▸ Dataset extract
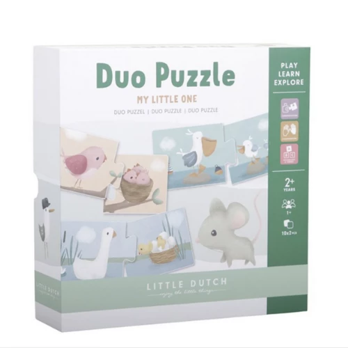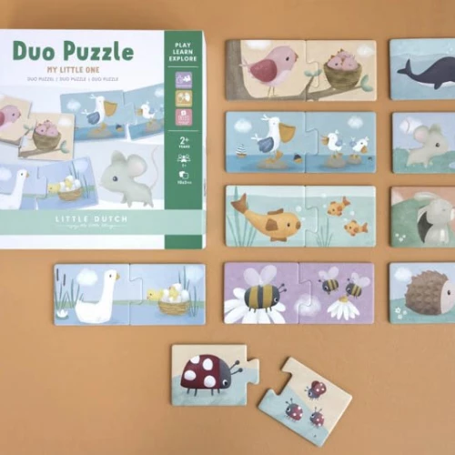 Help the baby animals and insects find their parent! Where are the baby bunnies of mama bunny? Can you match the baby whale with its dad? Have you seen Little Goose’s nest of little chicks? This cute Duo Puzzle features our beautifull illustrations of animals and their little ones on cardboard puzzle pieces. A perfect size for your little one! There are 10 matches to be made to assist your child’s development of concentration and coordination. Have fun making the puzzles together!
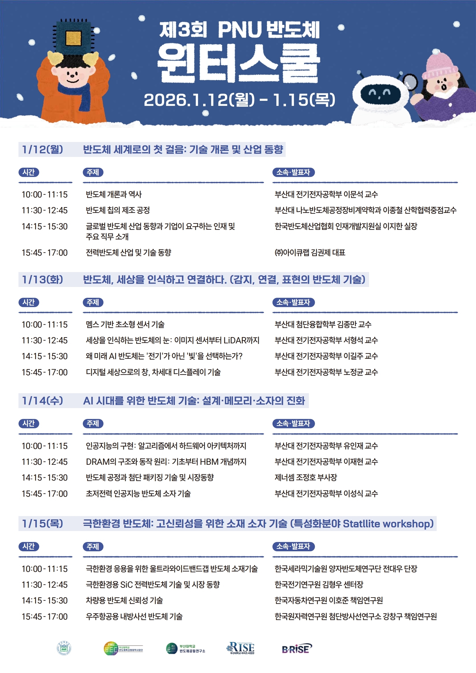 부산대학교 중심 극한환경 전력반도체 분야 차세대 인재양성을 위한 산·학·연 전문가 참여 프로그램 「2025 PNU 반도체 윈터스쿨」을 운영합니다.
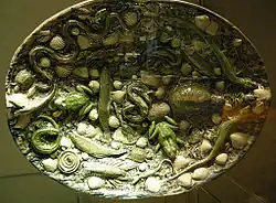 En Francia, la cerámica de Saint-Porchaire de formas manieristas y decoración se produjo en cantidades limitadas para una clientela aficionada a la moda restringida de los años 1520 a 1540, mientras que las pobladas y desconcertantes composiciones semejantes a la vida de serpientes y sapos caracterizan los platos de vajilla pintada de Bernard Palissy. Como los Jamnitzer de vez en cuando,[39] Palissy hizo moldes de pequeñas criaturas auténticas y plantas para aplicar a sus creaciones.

▸ Task goal
Copy out the whole listing exactly. Skip its pictures.

▸ Exercise response
 Help the baby animals and insects find their parent! Where are the baby bunnies of mama bunny? Can you match the baby whale with its dad? Have you seen Little Goose’s nest of little chicks? This cute Duo Puzzle features our beautifull illustrations of animals and their little ones on cardboard puzzle pieces. A perfect size for your little one! There are 10 matches to be made to assist your child’s development of concentration and coordination. Have fun making the puzzles together!
 부산대학교 중심 극한환경 전력반도체 분야 차세대 인재양성을 위한 산·학·연 전문가 참여 프로그램 「2025 PNU 반도체 윈터스쿨」을 운영합니다.
 En Francia, la cerámica de Saint-Porchaire de formas manieristas y decoración se produjo en cantidades limitadas para una clientela aficionada a la moda restringida de los años 1520 a 1540, mientras que las pobladas y desconcertantes composiciones semejantes a la vida de serpientes y sapos caracterizan los platos de vajilla pintada de Bernard Palissy. Como los Jamnitzer de vez en cuando,[39] Palissy hizo moldes de pequeñas criaturas auténticas y plantas para aplicar a sus creaciones.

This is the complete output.